On Fri, Dec 16, 2011 at 9:01 AM, Mathieu Basille
<basille@ase-research.org>wrote:

> Le 16/12/2011 08:49, Vitalie Spinu a écrit :
> > Mathieu Basille <basille@ase-research.org> writes:
> >
> >> Dear Vitalie,
> >>
> >> Thanks for you comment. My first message was not perfectly clear... Your
> >> example with 'foo' is misleading, since foo is exactly 3 character long.
> >> Take this silly example instead:
> >>
> >> foo <- function(aaaaaaaaaa = 1, bbbbbbbbbb = 2, cccccccccc = 3,
> >>                 dddddddddd = 4, eeeeeeeeee = 5)
> >> {
> >>     return(data.frame(aaaaaaaaaa, bbbbbbbbbb, cccccccccc, dddddddddd,
> >>                       eeeeeeeeee))
> >> }
> >>
> >> The new line formatted by ESS starts just after the opening parenthesis.
> >> If I save the file in bla.R and source it with 'keep.source = FALSE' to
> >> use the R parser, here is what I get:
> >>
> >>> options(keep.source = FALSE)
> >>> source("bla.R")
> >>> foo
> >> function (aaaaaaaaaa = 1, bbbbbbbbbb = 2, cccccccccc = 3, dddddddddd =
> 4,
> >>     eeeeeeeeee = 5)
> >> {
> >>     return(data.frame(aaaaaaaaaa, bbbbbbbbbb, cccccccccc, dddddddddd,
> >>         eeeeeeeeee))
> >> }
> >
> > Ok, I got it.

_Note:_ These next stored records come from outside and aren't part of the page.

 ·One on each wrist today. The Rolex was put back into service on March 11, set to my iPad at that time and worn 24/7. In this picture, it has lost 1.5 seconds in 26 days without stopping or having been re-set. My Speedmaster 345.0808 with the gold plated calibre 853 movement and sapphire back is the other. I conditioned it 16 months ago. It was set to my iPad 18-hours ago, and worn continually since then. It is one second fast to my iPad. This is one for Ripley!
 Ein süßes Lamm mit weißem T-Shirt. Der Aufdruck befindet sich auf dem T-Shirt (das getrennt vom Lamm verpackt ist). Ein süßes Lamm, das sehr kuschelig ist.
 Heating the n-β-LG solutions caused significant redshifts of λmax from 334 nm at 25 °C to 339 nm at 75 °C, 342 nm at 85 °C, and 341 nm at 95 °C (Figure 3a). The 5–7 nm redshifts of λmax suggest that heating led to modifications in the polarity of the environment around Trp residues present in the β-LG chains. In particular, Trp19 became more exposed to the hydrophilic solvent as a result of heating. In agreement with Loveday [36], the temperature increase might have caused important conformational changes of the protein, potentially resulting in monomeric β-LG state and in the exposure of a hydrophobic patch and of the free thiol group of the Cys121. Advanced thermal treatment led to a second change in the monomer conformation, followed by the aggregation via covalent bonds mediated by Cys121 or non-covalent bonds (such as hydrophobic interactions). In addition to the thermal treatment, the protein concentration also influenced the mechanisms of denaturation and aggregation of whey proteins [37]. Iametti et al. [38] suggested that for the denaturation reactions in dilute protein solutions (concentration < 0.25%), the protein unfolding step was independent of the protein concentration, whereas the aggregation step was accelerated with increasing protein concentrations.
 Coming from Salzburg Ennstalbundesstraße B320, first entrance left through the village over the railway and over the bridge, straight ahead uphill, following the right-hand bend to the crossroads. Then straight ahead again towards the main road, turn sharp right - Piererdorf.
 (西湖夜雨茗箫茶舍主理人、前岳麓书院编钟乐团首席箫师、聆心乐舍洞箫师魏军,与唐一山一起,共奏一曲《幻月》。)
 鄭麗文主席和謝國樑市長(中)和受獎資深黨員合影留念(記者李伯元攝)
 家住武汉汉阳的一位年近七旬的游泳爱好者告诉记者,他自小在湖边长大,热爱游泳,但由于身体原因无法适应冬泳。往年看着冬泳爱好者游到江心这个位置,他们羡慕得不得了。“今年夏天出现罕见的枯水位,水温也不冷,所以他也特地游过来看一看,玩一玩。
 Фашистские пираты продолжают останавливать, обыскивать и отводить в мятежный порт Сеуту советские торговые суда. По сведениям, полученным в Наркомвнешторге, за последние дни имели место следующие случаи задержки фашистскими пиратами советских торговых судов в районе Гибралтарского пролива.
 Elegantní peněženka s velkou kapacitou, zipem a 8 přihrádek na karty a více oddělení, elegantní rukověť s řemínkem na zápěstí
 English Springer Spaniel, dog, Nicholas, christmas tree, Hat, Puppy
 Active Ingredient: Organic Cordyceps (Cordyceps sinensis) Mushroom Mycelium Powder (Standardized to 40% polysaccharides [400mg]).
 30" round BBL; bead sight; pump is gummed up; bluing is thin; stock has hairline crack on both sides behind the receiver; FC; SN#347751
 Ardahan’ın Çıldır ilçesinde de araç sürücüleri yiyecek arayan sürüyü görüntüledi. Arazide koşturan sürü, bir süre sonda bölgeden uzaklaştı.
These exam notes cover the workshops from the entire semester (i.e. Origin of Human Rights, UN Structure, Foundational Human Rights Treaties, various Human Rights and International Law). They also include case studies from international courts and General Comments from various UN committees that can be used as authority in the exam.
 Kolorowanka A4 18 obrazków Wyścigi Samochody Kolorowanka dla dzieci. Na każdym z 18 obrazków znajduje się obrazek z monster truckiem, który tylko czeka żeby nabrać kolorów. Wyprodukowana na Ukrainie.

Check the keep.source option:
> >
> > options("keep.source")
> >
> > If it's FALSE I am getting your output and this is the problem of R, ESS
> > cannot easily help you here. In my setup  keep.source is T, so I am
> > getting everything ok.
>
> It is OK from an ESS perspective only. From a R perspective, it is not.
> The main problem is that R and ESS do not format code the same way, and
> I'd like to use R formatting, not ESS. The 'keep.source' option is
> usually set to TRUE, but is generally set to FALSE for packages (which
> makes formatting of R code consistent). Using 'keep.source = TRUE' does
> not format at all the code; what the user wrote is totally kept as-is.
> Basically, I'd like to write code which follows the rules of R itself.
> In my opinion, this is a problem of ESS, not R!
>
> Is there really no possibility to get the R behaviour here? What I
> normally do is 1) write my functions, 2) source them using 'keep.source
> = FALSE' to use the R parser, and 3) paste them back in my .R/Rnw file.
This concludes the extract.